By Phil Plait | December 7, 2011 7:00 am

I am very pleased to announce the grand opening of Science Getaways, where you can take a vacation with your brain!

Science Getaways is a new travel company, started by my wife Marcella and me, for science enthusiasts who want to do more than just take a vacation: they want to feed their brain, too. Over the years I’ve been to a lot of cool places, but I’ve always found my experience is enhanced a lot by learning about the science of the region: the geology, the biology, the connection to other sciences. Heck, when we visited the Galapagos Islands a few years back the whole thing was nothing but science — and it was the vacation of a lifetime (as you can read here, and here, and here). Trips like this are becoming popular enough to get written up by the New York Times.

So we decided we wanted to do this too.
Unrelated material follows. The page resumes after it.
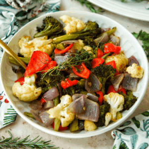 This holiday roasted vegetable medley is an easy holiday side dish that will pair well with any main course.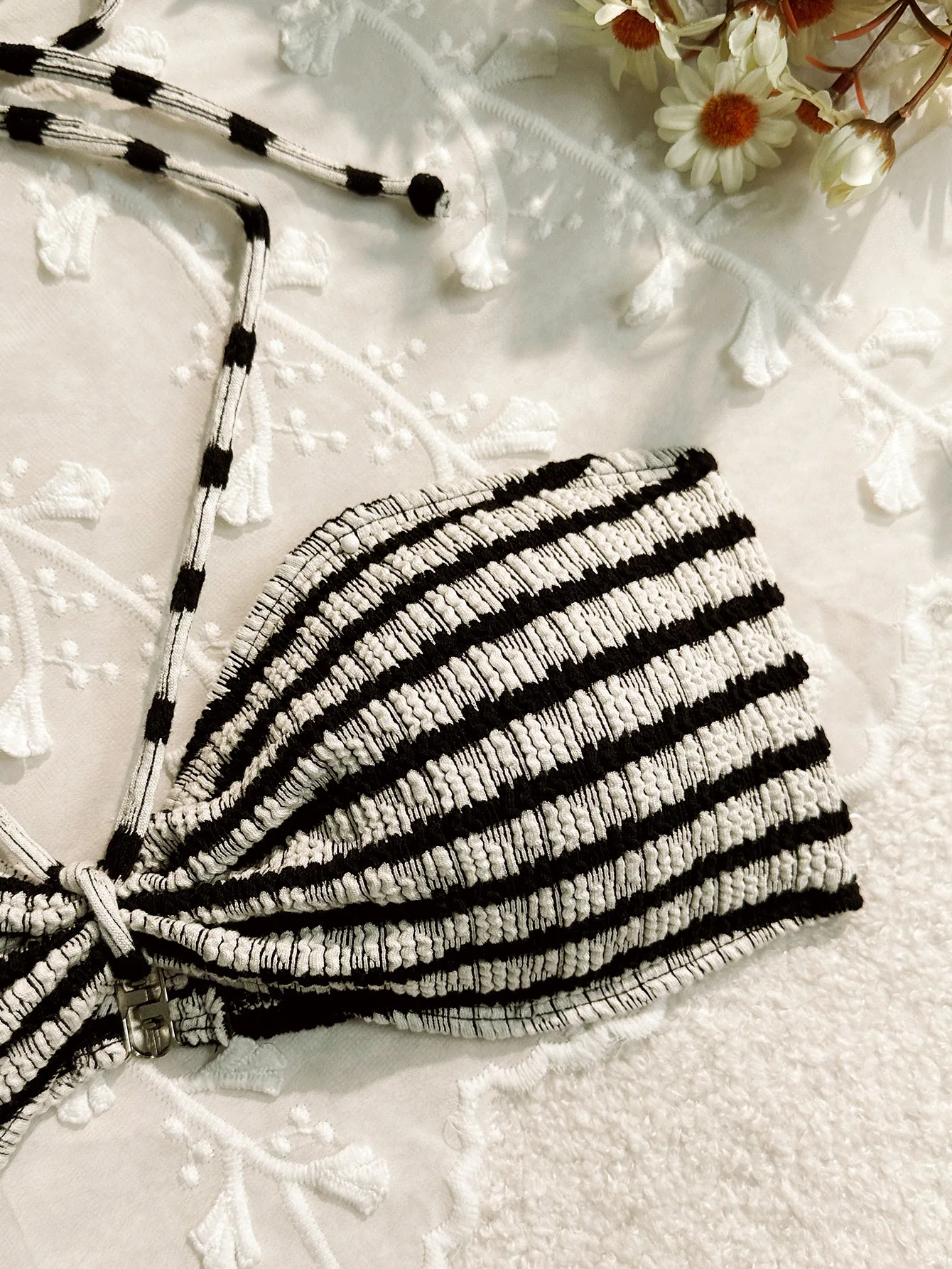 Sexy Strapless Bikini Set for Women Striped Print Two Piece Swimsuit with Tie Side Bottom and Bandeau Top Design

Voila! Science Getaways, where we do all the work for you: find cool places to take a vacation, then bring along fun, outgoing scientists eager to show you the natural wonders of the region*.
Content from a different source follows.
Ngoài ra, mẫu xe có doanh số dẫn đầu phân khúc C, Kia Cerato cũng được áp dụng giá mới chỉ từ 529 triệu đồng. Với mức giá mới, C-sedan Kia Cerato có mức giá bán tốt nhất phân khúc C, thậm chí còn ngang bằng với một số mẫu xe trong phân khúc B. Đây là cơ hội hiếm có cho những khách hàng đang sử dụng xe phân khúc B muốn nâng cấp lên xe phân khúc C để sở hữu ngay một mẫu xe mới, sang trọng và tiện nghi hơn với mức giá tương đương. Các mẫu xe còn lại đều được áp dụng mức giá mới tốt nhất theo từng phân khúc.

Our first getaway is Science Ranch 2012, September 16 – 20, 2012, at the C Lazy U Ranch in Granby, Colorado. This is an authentic western ranch where you can ride horseback, fish, hike, mountain bike, and eat gourmet food (trust me on this; we sampled the food there and it was fantastic). We visited a lot of Colorado ranches, but C Lazy U was clearly the place that fits our needs best.

And we made it better: we added SCIENCE to it! We’ve invited Holly Brunkal, a geologist, and Dave Armstrong, a biologist and ecologist, to come along (we have their bios online). Both scientists are experts in the Colorado version of their fields, and have experience with tours. They’ll be taking us on hikes in the valley where the ranch is located, so you can peruse the local rocks and biota, and they’ll give talks beforehand to familiarize you with everything.

I’ll be the third scientist; I’ll give a couple of short talks and run a stargazing session every evening it’s clear — the skies in that part of Colorado are dark dark dark. When we stayed overnight at a ranch a couple of months ago, we went outside at around 10:00 p.m. and Marcella was stunned at how many stars she could see. It was magnificent.

If you read my blog — and I see you there, admit it! — then I suspect you love science and nature as much as I do. Science Getaways is a new way for me to bring the fun and wonder of the Universe to folks, and have a really great time while doing it. I hope to see you in September at C Lazy U!


* Just to be clear, this is something I’ll be doing as well as writing this blog and everything else. I’m having way too much fun writing to stop now!